Turbochargers are also centrifugal compressors. They differ from Centrifugal Superchargers in that they're not driven off the Crank, they use energy from the exhaust gas to spin. This makes them *much* more efficient than crank driven compressors. You can think of it in terms of simplistic "thermodynamics". The energy contained in the hot exhaust is "captured" by the Turbo’s impeller and converted in to mechanical force to spin the compressor. If the turbo wasn't there the exhaust “energy” would just flow out the tailpipe anyway, so the boost you get from a Turbo is essentially "free".

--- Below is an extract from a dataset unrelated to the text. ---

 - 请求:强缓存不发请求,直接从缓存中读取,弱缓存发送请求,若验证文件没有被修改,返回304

Besides the advantages Turbos have over Superchargers with respect to operating efficiency, they also have another huge advantage. Turbos are "load sensitive". The boost they generate is proportional to the engine’s load and NOT the engine RPM. This means that a Turbo will generally be able to produce good boost at low RPMs like a Roots, even though it's a centrifugal type compressor. You need exhaust heat, and not so much exhaust volume.

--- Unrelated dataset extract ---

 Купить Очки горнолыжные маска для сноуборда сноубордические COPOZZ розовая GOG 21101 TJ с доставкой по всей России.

But as mentioned earlier, Turbos live in the exhaust, and the exhaust get's *HOT* (it’s not at all unusual to see a Turbo’s exhaust housing glow red). This heat can create problems for reliability. Failures most often manifest as bearing or seal failure due to buildup of abrasive "coke" on the bearings ("coke" is what's left of your oil after you cook off all the volatile components). Good Turbo systems will include a water-jacketed center bearing housing to help keep this critical component cooler during operation. Turbo systems are also often equipped with a “Turbo Timer”, that either keeps the engine running for a short while after you remove the key, or uses an electric pump to circulate oil through the Turbo’s bearings for a short while after you remove the key. The objective being to allow the Turbo assembly to cool down some before the oil flow is shut off.

Note though, there isn’t a huge mechanical force to be had from the engine’s exhaust gas. Turbo’s have to be small to minimize inertia or they take forever to spin up (AKA “Turbo Lag”). Smaller compressors have lower operating limits, they have to spin faster to move a given volume of air and they can’t move as much air (max out sooner). Larger displacement Turbo applications almost always need to use two or more Turbos. In contrast, a centrifugal Supercharger compressor can be quite a bit larger than its Turbo brethren because it’s got the power of the entire engine to get it spinning. So while V8s like ours can get by just fine with a single centrifugal Supercharger, they always require two Turbos to achieve acceptable operating performance.

Intercooling is a feature found in many (but not all) FI systems. Intercoolers reduce the temperature of the air exiting the Supercharger or Turbo compressor. You want to do this because compression increases the air’s temperature (according to Boyle's ideal gas law: pv=nRT) (and heat soak from the exhaust system is also a factor in Turbos). Lower temperature air is denser, less likely to contribute to preignition, and allows a higher maximum boost level (= more power). Since both Turbos and Superchagers benefit equally from Intercooling, you should always select a system that is Intercooled. But note that having an intercooler is a function of the "completeness" of the design and is not a requirement.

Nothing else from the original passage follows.